Setelah itu, INTERFET dapat melakukan semacam 'pendudukan jinak' di Timor Leste untuk memulihkan kepercayaan dan, yang terpenting, memungkinkan pengembalian dan penyebaran layanan Perserikatan Bangsa-Bangsa dan organisasi non-pemerintah.
Kepala Angkatan Pertahanan Australia, Laksamana Chris Barrie, berperan penting dalam menyusun koalisi multi-nasional.
Dia mengirim Air Marshall Doug Riding dalam tur keliling wilayah itu untuk mengumpulkan dukungan untuk INTERFET.
Sementara itu, penasihat kebijakan Pertahanan utama di Canberra, Hugh White, berjuang untuk mendamaikan perubahan kebijakan yang terlibat dalam upaya menjaga hubungan yang stabil dan bersahabat dengan Indonesia.
Dalam menghadapi tanda-tanda tidak menyenangkan menjelang pemungutan suara 20 September dan setelahnya, ketika penjarahan dan pembakaran tersebar luas.
Hugh White adalah Wakil Sekretaris Strategi di Departemen Pertahanan pada saat krisis.
Ia menyaksikan banyak musyawarah pemerintah Australia di Canberra saat pasukan bersiap untuk campur tangan di TimorLeste
White berpendapat bahwa banyak orang dan organisasi berbagi tanggung jawab atas transisi Timor Leste menuju kemerdekaan, dan proporsi Australia 'sangat kecil'.

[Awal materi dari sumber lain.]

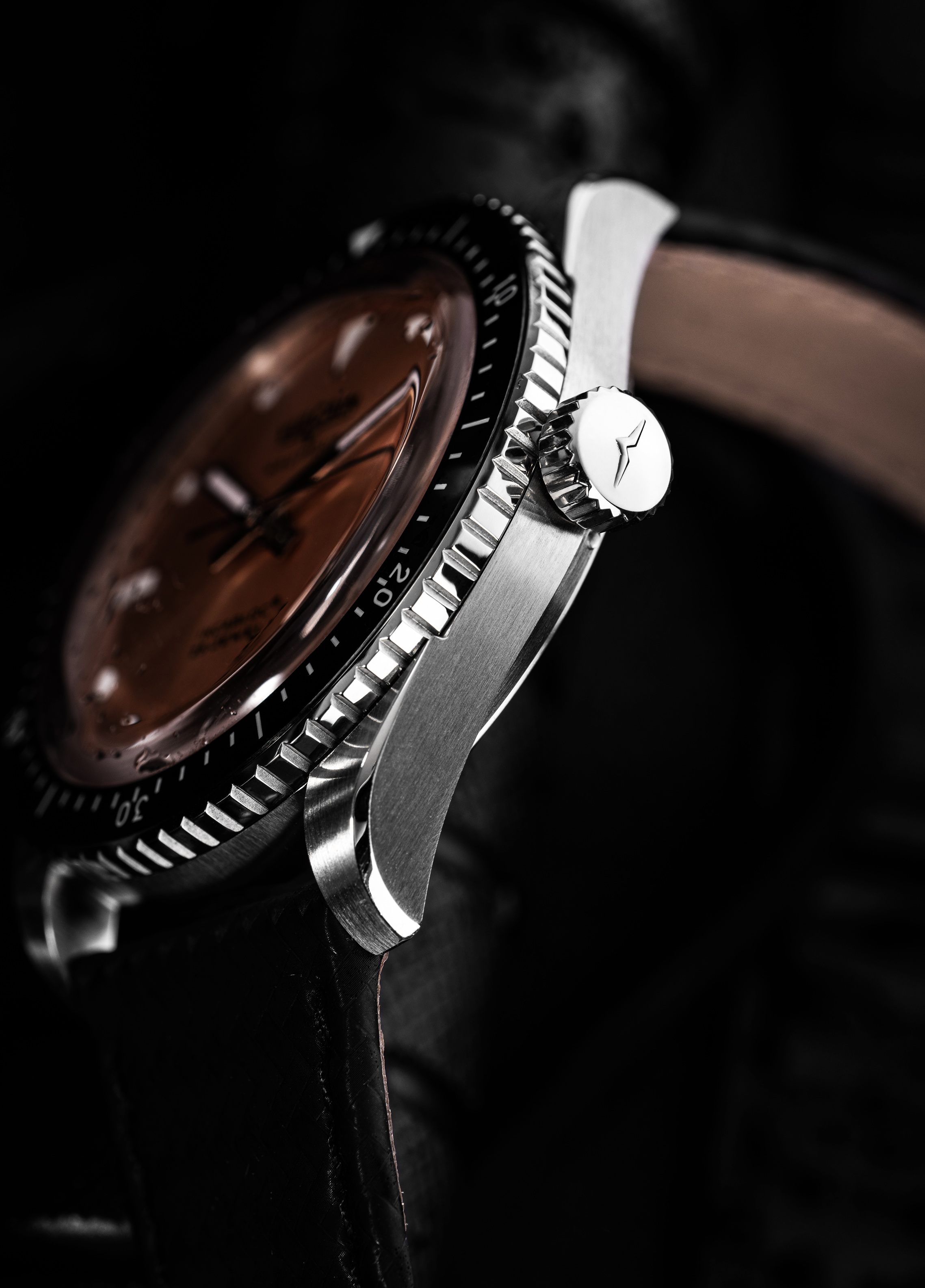 The salmon dial gives this the Skindiver an unusual character, naturally contrasting with the cool 38mm stainless-steel case and the jet black ceramic inlay of the unidirectional fluted bezel. On the dial, the white Super‑LumiNova® indexes exude diving cred and elegant sportiness. Inspired by the 1960 Vulcain classic, the Skindiver comes with a three-hand Swiss automatic movement: the ETA 2824 workhorse caliber with a 38-hour power reserve. With its resolutely vintage-yet-contemporary look, amplified by the salmon dial and black leather strap with carbon pattern and matching stitching, this diver stands out in the sea of reissued divers. Priced to compete at CHF 1,490 (on the Vulcain website), the watch is water resistant to 200m. The exclusive Skindiver 38mm Salmon Dial is limited to 50 pieces.

Tetapi tanpa pertanyaan, sementara White mungkin ada benarnya dalam berusaha untuk menempatkan peran Australia dalam konteks, kontribusi Australia tetap penting untuk hasilnya.
Presiden Timor Leste dan mantan Perdana Menteri Xanana Gusmao, memiliki pandangan berbeda tentang bagaimana intervensi itu berjalan dengan baik.
Baginya rekonsiliasi, menghormati mereka yang terhilang di masa lalu dan melihat masa depan dengan optimis adalah ciri khas dari pendekatannya. S
eperti Mandela dalam pengampunan dan kemurahan hatinya, sikap Gusmao yang luar biasa untuk mendorong rekonsiliasi adalah salah satu indikator harapan terbesar bagi bangsa muda Timor Timur.
Intinya, intervensi Timor Leste 1999 menyebabkan pergeseran persepsi tentang bagaimana Australia harus memandang dirinya sendiri dan apa yang dapat dan harus dilakukan untuk bertindak tegas di lingkungannya.
Untuk sebagian besar waktu sejak hari-hari penuh gejolak di bulan September 1999 itu, Angkatan Bersenjata Australia disibukkan oleh ancaman di Timur Tengah.
Tapi hari ini tantangan keamanan muncul banyak sekali di lingkungan Australia: dari sengketa teritorial di Laut Cina Selatan yang mengancam perang antara kekuatan besar.